Stored items:
*** Block opens ***

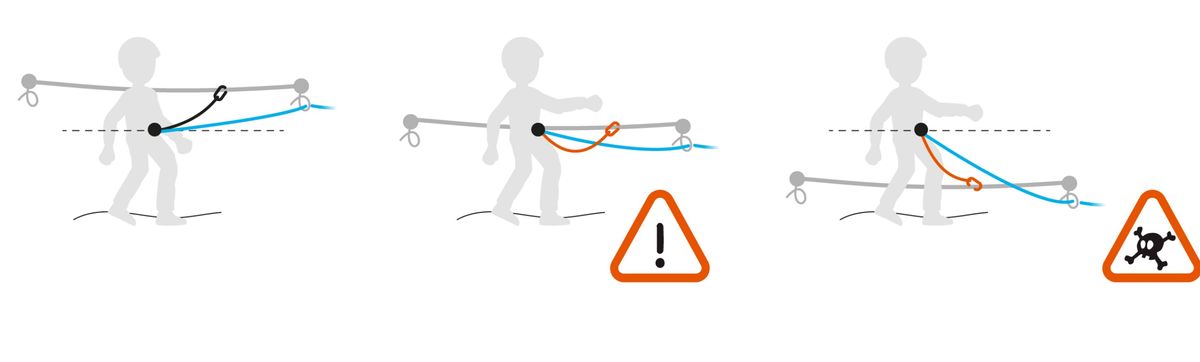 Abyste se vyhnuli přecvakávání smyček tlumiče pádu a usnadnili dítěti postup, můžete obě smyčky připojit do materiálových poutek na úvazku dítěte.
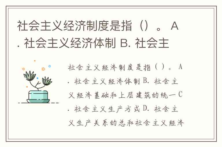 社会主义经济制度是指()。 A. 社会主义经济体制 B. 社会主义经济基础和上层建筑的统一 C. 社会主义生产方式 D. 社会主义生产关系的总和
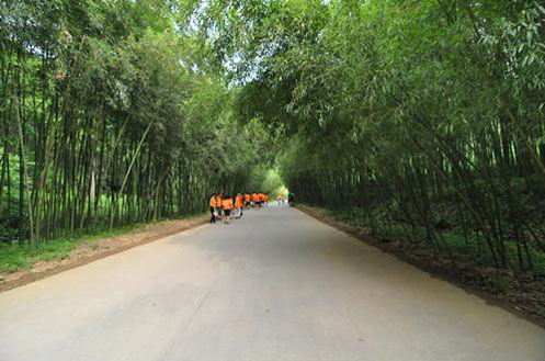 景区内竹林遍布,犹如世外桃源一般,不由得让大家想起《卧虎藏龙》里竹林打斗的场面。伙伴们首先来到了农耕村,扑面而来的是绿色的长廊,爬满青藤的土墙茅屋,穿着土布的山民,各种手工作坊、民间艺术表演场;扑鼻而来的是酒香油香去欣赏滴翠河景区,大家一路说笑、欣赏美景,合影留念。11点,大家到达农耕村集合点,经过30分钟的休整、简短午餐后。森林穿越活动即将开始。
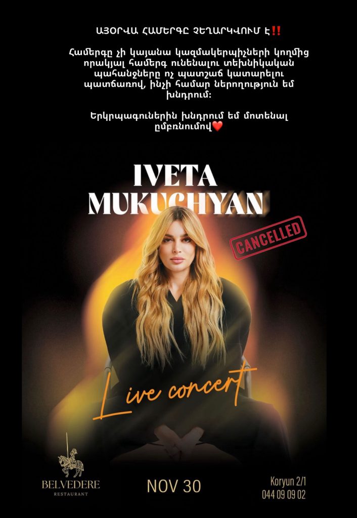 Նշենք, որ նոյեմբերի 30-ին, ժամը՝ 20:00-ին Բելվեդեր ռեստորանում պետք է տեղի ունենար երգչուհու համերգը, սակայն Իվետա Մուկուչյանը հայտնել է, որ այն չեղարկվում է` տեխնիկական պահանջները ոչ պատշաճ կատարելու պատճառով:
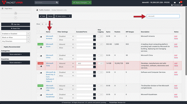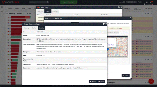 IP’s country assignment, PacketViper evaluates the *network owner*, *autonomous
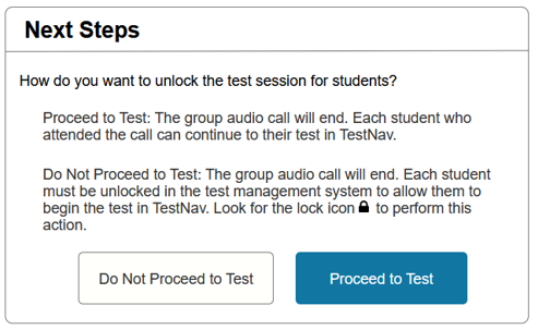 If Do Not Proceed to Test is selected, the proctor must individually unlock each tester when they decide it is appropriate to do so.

*** Block closes ***

Description of the task:
Quote exactly, and only, the lines from the line containing "景区内竹林遍布,犹如世外桃源" through the final line of the records above, both included, omitting any pictures.

Output of the exercise:
 景区内竹林遍布,犹如世外桃源一般,不由得让大家想起《卧虎藏龙》里竹林打斗的场面。伙伴们首先来到了农耕村,扑面而来的是绿色的长廊,爬满青藤的土墙茅屋,穿着土布的山民,各种手工作坊、民间艺术表演场;扑鼻而来的是酒香油香去欣赏滴翠河景区,大家一路说笑、欣赏美景,合影留念。11点,大家到达农耕村集合点,经过30分钟的休整、简短午餐后。森林穿越活动即将开始。
 Նշենք, որ նոյեմբերի 30-ին, ժամը՝ 20:00-ին Բելվեդեր ռեստորանում պետք է տեղի ունենար երգչուհու համերգը, սակայն Իվետա Մուկուչյանը հայտնել է, որ այն չեղարկվում է` տեխնիկական պահանջները ոչ պատշաճ կատարելու պատճառով:
 IP’s country assignment, PacketViper evaluates the *network owner*, *autonomous
 If Do Not Proceed to Test is selected, the proctor must individually unlock each tester when they decide it is appropriate to do so.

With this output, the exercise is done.